Given records

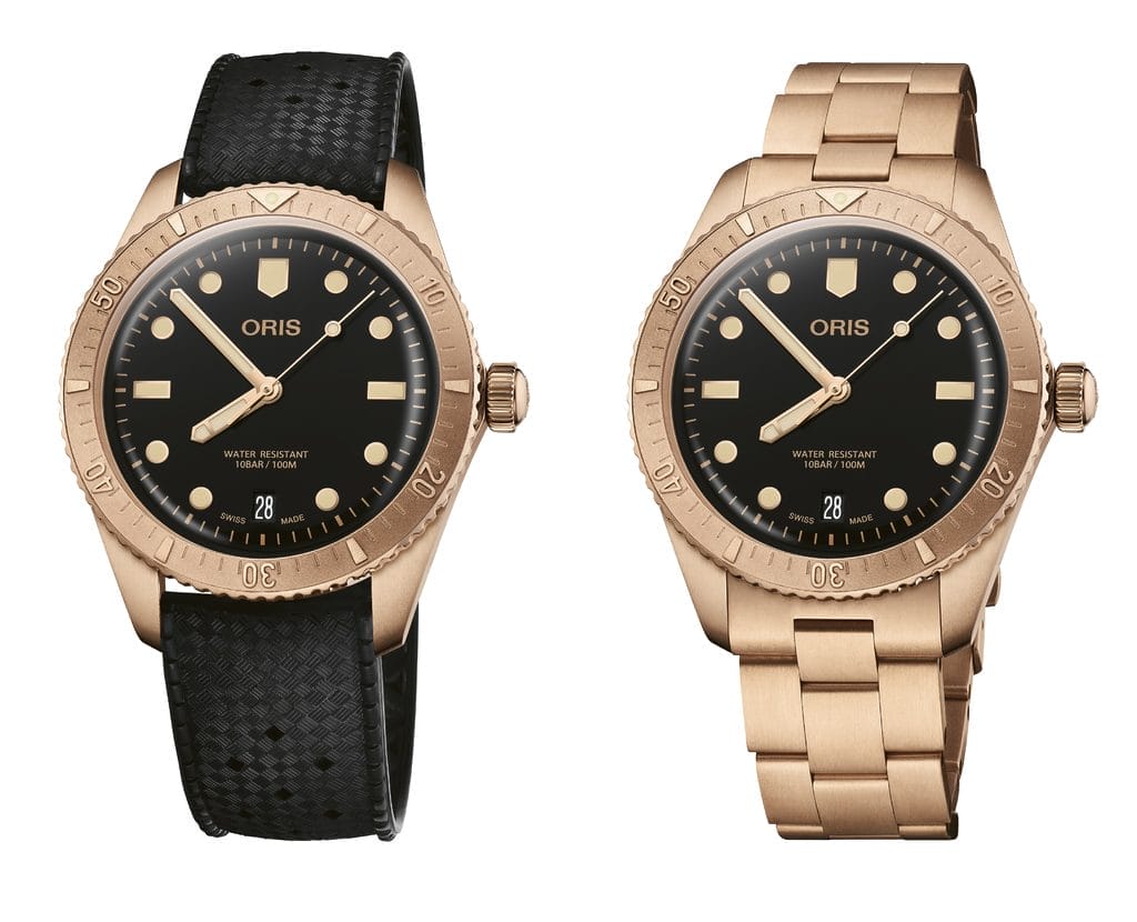 Le boîtier de 38 mm, la lunette tournante unidirectionnelle et la couronne vissée sont en bronze, tout comme la seconde proposition de bracelet. La teinte vintage se retrouve dans les détails du cadran, où nous avons ajouté des aiguilles et des index à bordures dorées, et les avons remplis de luminescence blanc cassé aux reflets verts dans l’obscurité. L’aiguille des secondes adopte une forme lollipop, qui rend hommage à l’esprit classique des montres de plongée. Même le logo Oris est de couleur bronze. Comme pour les précédentes versions en bronze de la Divers Sixty-Five, le matériau se patinera naturellement avec le temps en s’oxydant, donnant à chaque montre une finition unique qui évoluera en fonction de la vie de la montre.
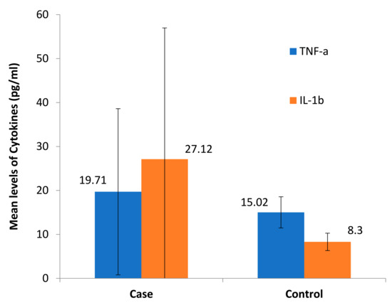 Figure 2. Comparison of tumour necrosis factor alpha (TNFα) (pg/mL) and interleukin 1 beta (IL-1β) (pg/mL) levels in COPD cases and controls. The difference in the IL-1β levels between cases and controls was significant (p value 0.0000) and the difference in the TNF-α levels was not significant (p value: 0.92).
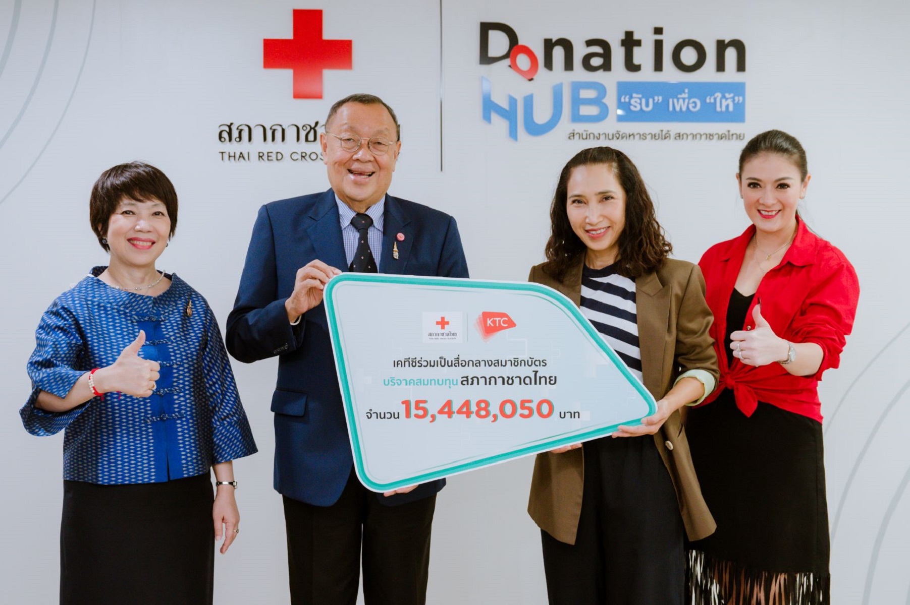10 ตุลาคม 2565 : สิรีรัตน์ คอวนิช (กลางขวา) ผู้อำนวยการ – การตลาดบัตรเครดิต “เคทีซี” หรือ บริษัท บัตรกรุงไทย จำกัด (มหาชน) เป็นตัวแทนมอบเงินจำนวน 15,448,050 บาท ให้กับ ขรรค์ ประจวบเหมาะ (กลางซ้าย) ผู้อำนวยการ สำนักงานจัดหารายได้ สภากาชาดไทย พร้อมด้วย จันทร์ประภา วิชิตชลชัย (ซ้าย) รองผู้อำนวยการฯ ซึ่งสมาชิกบัตรเครดิตเคทีซีมีจิตศรัทธาร่วมกันบริจาคผ่านการตัดบัตรเครดิตและใช้คะแนน KTC FOREVER ทุกๆ 1,000 คะแนน เปลี่ยนเป็นเงินบริจาค 100 บาท สมทบทุนสภากาชาดไทย เพื่อช่วยเหลือผู้เดือดร้อนและประโยชน์สุขของประชาชน ณ สำนักงานจัดหารายได้ Donation HUB “รับ” เพื่อ “ให้” ถนนอังรีดูนังค์ เมื่อเร็วๆ นี้
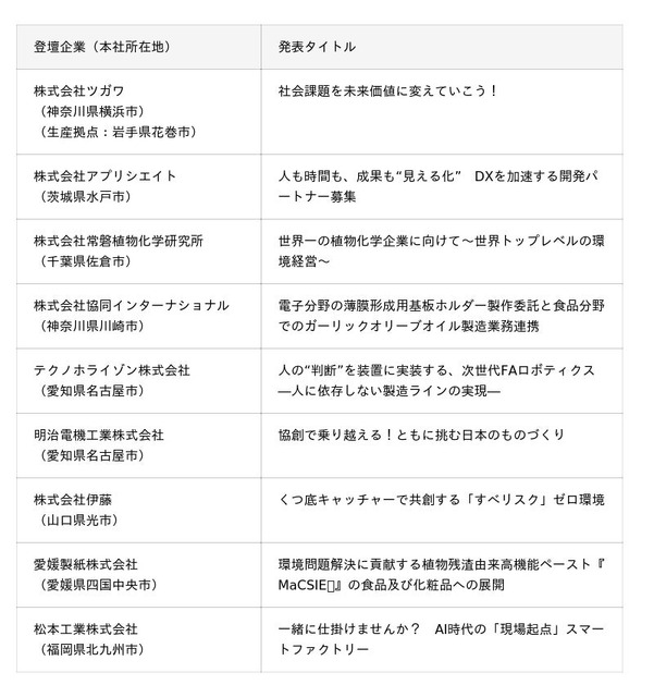 今回のイベントでは、未来企業等9社(関東地域からは茨城県、千葉県、神奈川県の企業3社)が様々なニーズを発信し、提案企業を募集・マッチングへと繋げ、共創・協業の実現を目指します。
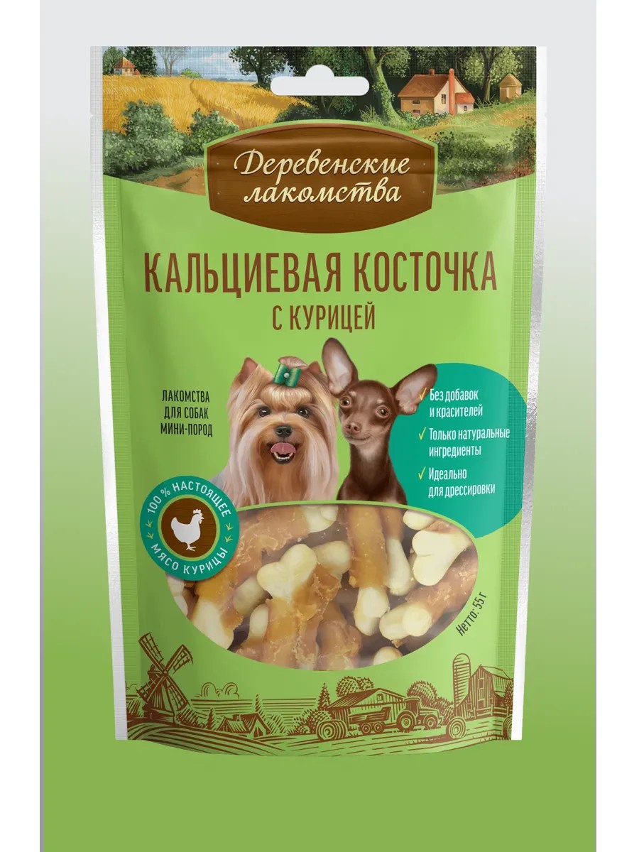 В основе «Деревенских лакомств» лежат традиции поощрения домашних питомцев, совмещенные с современными знаниями в области ветеринарии и здорового питания животных. Натуральные лакомства для собак изготовлены с учетом сбалансированного питания из качественных, безопасных и тщательно подобранных ингредиентов. Идеальные для дрессуры и поощрения "Деревенские лакомства" отбираются и обрабатываются вручную и могут служить эталоном лакомств для домашних животных. Любимое угощение теперь специально для собак мини-пород. Полезная кальциевая косточка и кусочки куриного филе создают, возможно, лучшее лакомство для собак. Состав: филе курицы, кальциевая косточка, субпродукты растительного происхождения, минералы. Пищевая ценность, %: белки — 26, жиры — 2.5, клетчатка — 0.2, зола — 3.5, влажность — 18. Энергетическая ценность: 280 ккал. Товар сертифицирован.

Task prompt
Could you output all of the entries above exactly? Leave the pictures out.

Answer to this problem
 Le boîtier de 38 mm, la lunette tournante unidirectionnelle et la couronne vissée sont en bronze, tout comme la seconde proposition de bracelet. La teinte vintage se retrouve dans les détails du cadran, où nous avons ajouté des aiguilles et des index à bordures dorées, et les avons remplis de luminescence blanc cassé aux reflets verts dans l’obscurité. L’aiguille des secondes adopte une forme lollipop, qui rend hommage à l’esprit classique des montres de plongée. Même le logo Oris est de couleur bronze. Comme pour les précédentes versions en bronze de la Divers Sixty-Five, le matériau se patinera naturellement avec le temps en s’oxydant, donnant à chaque montre une finition unique qui évoluera en fonction de la vie de la montre.
 Figure 2. Comparison of tumour necrosis factor alpha (TNFα) (pg/mL) and interleukin 1 beta (IL-1β) (pg/mL) levels in COPD cases and controls. The difference in the IL-1β levels between cases and controls was significant (p value 0.0000) and the difference in the TNF-α levels was not significant (p value: 0.92).
10 ตุลาคม 2565 : สิรีรัตน์ คอวนิช (กลางขวา) ผู้อำนวยการ – การตลาดบัตรเครดิต “เคทีซี” หรือ บริษัท บัตรกรุงไทย จำกัด (มหาชน) เป็นตัวแทนมอบเงินจำนวน 15,448,050 บาท ให้กับ ขรรค์ ประจวบเหมาะ (กลางซ้าย) ผู้อำนวยการ สำนักงานจัดหารายได้ สภากาชาดไทย พร้อมด้วย จันทร์ประภา วิชิตชลชัย (ซ้าย) รองผู้อำนวยการฯ ซึ่งสมาชิกบัตรเครดิตเคทีซีมีจิตศรัทธาร่วมกันบริจาคผ่านการตัดบัตรเครดิตและใช้คะแนน KTC FOREVER ทุกๆ 1,000 คะแนน เปลี่ยนเป็นเงินบริจาค 100 บาท สมทบทุนสภากาชาดไทย เพื่อช่วยเหลือผู้เดือดร้อนและประโยชน์สุขของประชาชน ณ สำนักงานจัดหารายได้ Donation HUB “รับ” เพื่อ “ให้” ถนนอังรีดูนังค์ เมื่อเร็วๆ นี้
 今回のイベントでは、未来企業等9社(関東地域からは茨城県、千葉県、神奈川県の企業3社)が様々なニーズを発信し、提案企業を募集・マッチングへと繋げ、共創・協業の実現を目指します。
 В основе «Деревенских лакомств» лежат традиции поощрения домашних питомцев, совмещенные с современными знаниями в области ветеринарии и здорового питания животных. Натуральные лакомства для собак изготовлены с учетом сбалансированного питания из качественных, безопасных и тщательно подобранных ингредиентов. Идеальные для дрессуры и поощрения "Деревенские лакомства" отбираются и обрабатываются вручную и могут служить эталоном лакомств для домашних животных. Любимое угощение теперь специально для собак мини-пород. Полезная кальциевая косточка и кусочки куриного филе создают, возможно, лучшее лакомство для собак. Состав: филе курицы, кальциевая косточка, субпродукты растительного происхождения, минералы. Пищевая ценность, %: белки — 26, жиры — 2.5, клетчатка — 0.2, зола — 3.5, влажность — 18. Энергетическая ценность: 280 ккал. Товар сертифицирован.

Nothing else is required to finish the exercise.